SPECIAL FEATURES:
What will new 'climate zombie' Congress be like? Ask Utah
Nobody knows for sure what things will be like, or how bad they will get, once the type of people who are comfortable rejecting the conclusions of the top 80 scientific bodies of the world take power.
Thursday, January 13, 2011 - 02:43
IGNORANCE, NOT BLISS: Some people stick their heads in the sand when it comes to environmental realities. (Photo: The Sierra Club/Flickr)
In a spectrum of government priorities on environment, with one end representing an official policy to actively promote destructive industries, and the other being progressive political and popular support for protecting wilderness, Utah's motto might as well be "Industry."
Actually, that is Utah's motto.
I know there are a lot of people in this country who are terrified that the new Congress is going to set the country — and the world, for that matter — way back on climate and energy policy. But what will these elected "climate zombies" actually do with their majority? R. L. Miller (who brought us the term "climate zombie") has compiled a few great theories, but nobody knows for sure what things will be like, or how bad they will get once the type of people who are comfortable rejecting the conclusions of the top 80 scientific bodies of the world take power.

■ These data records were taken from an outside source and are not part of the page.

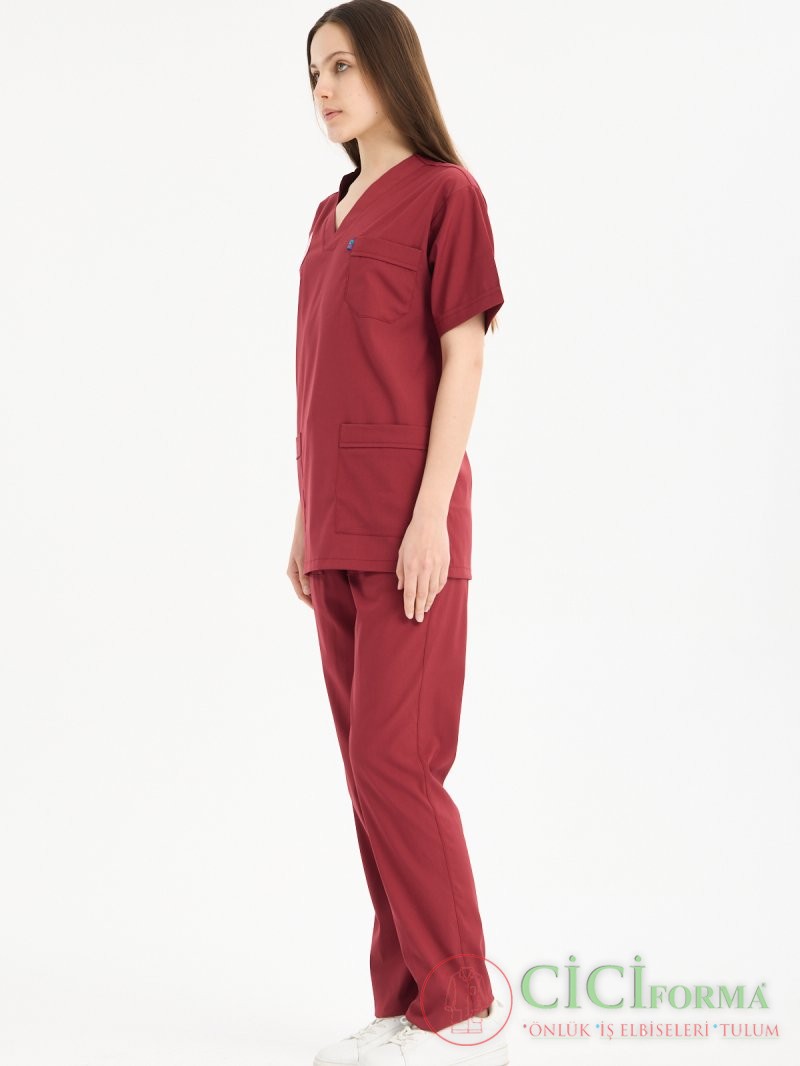 Bayan Bordo Likralı Hastane Forması
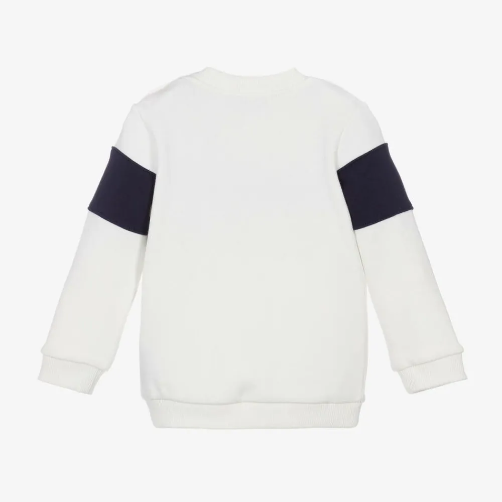 Ivory sweatshirt for little boys and girls by Moschino Baby. It features a navy blue logo panel for instant brand recognition, trimmed with appliquéd logo badges. Made in soft mid-weight cotton jersey, it has cosy ribbed trims and shoulder poppers to help with dressing.
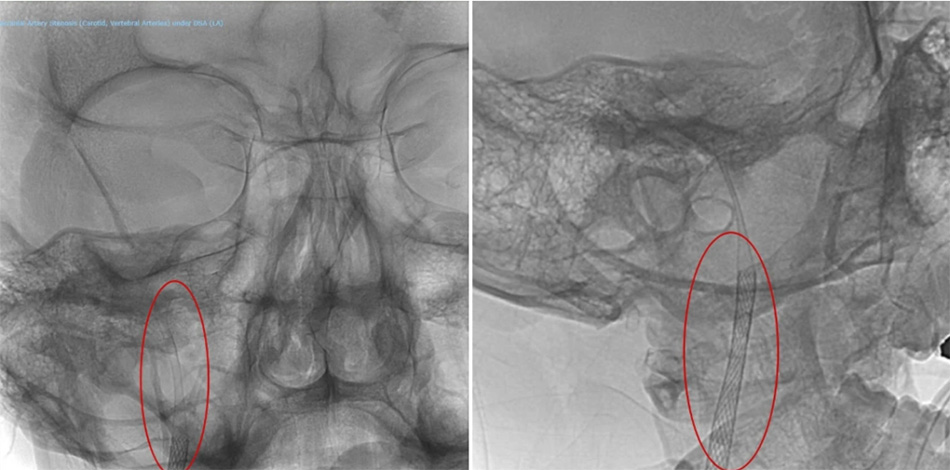 Before performing the procedure, Mr. A.M was fully informed by the doctor about his condition and the treatment method. Given the 80mm-long artery dissection, two overlapping stents were required to ensure the artery remained open and clear.
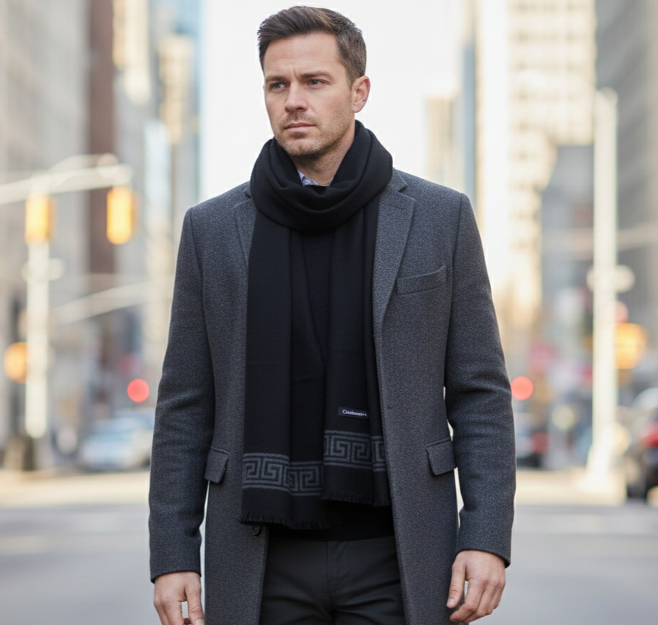 Луксозен мъжки кашмирен шал – изключително мек, топъл и елегантен аксесоар, подходящ за всеки стил и повод.
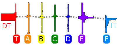 ATL's efficient layout: ribs connected by a spine. Domestic Terminal (DT) is on the west end, and International Terminal (IT) is on the east end. The dotted line is the Transportation Mall and Plane Train.

So it's worth taking a look at what's going on in Utah, where this scenario has been playing out for years.
Most wild-eyed deniers think climate change is a vast conspiracy and/or the most elaborate hoax in history. The majority of humans on earth look upon such people as either ignorant or mentally ill. In the U.S. they're given inappropriately equal play in the media. But in Utah, such folks get elected and pass state resolutions officially declaring such conspiracies as fact. The following words are not copied from a troll commenting on an article about Al Gore, they're enshrined forever in Utah's House Joint Resolution 12: "[There is] a well organized and ongoing effort to manipulate global temperature data in order to produce a global warming outcome." This prompted a group of scientists from the ultra-conservative, Mormon-owned Brigham Young University in Utah county to respond with a letter to the legislature chastising them for ... being zombies, a move for which the scientists were asked to apologize. We don't question leaders in Utah. Not when there's Industry at stake.
HJR 12 isn't legally binding, but it is designed to go after the authority of the EPA. So. Deniers in power attack the EPA. Deniers in Congress can actually affect the authority of the EPA. The EPA needs to read this field guide. Twice.
Our governor here in Utah is a graduate of real estate college and an accidental authority. Gary Herbert was former Utah governor Jon Huntsman's lieutenant governor (Huntsman recognized the need to heed climate science and was an advocate for the Western Climate Initiative. Obama, who came in behind Slim Goodbody in the 2008 election in Utah, punished us by sending Huntsman to China.)
What was I saying? Oh, yea. Herbert.
Herbert is a climate zombie, too. After taking office, he got the idea to hold what he assumed would be the first real debate on the topic of man-made versus natural global warming. When he couldn't get any reputable people to argue on behalf of the deniers, he cancelled under the pretense that the topic was "too emotional." Now Gary has moved on to developing a ten-year energy plan for the state. At a series of public meetings on the issue, Herbert was told by citizen after citizen that we need to focus on renewable energy, that they were worried about their children, etc. Gary may have paid a little more attention when Tim DeChristopher stood up and warned him that "a continued reliance on fossil fuels is a declaration of war agasint the living and will be met in-kind." But really, who knows.
When the draft of the plan was released, it confirmed what most survival-minded, non-zombie Utahns expected: Herbert's energy plan was an attempt to justify the sale of some real estate, for the sake of industry.
I guess what I'm getting at, America, is if you let them in, there's no cure until a new election comes around. They can't be reasoned with. Stop letting these people get elected. Engage in the process, however you can, from writing a letter to civil disobedience. Own your power to make a difference. There are those who express their dissatisfaction with politics by refusing to vote or participate at all — and that is the stupidest option, by far, that I've mentioned anywhere in this post.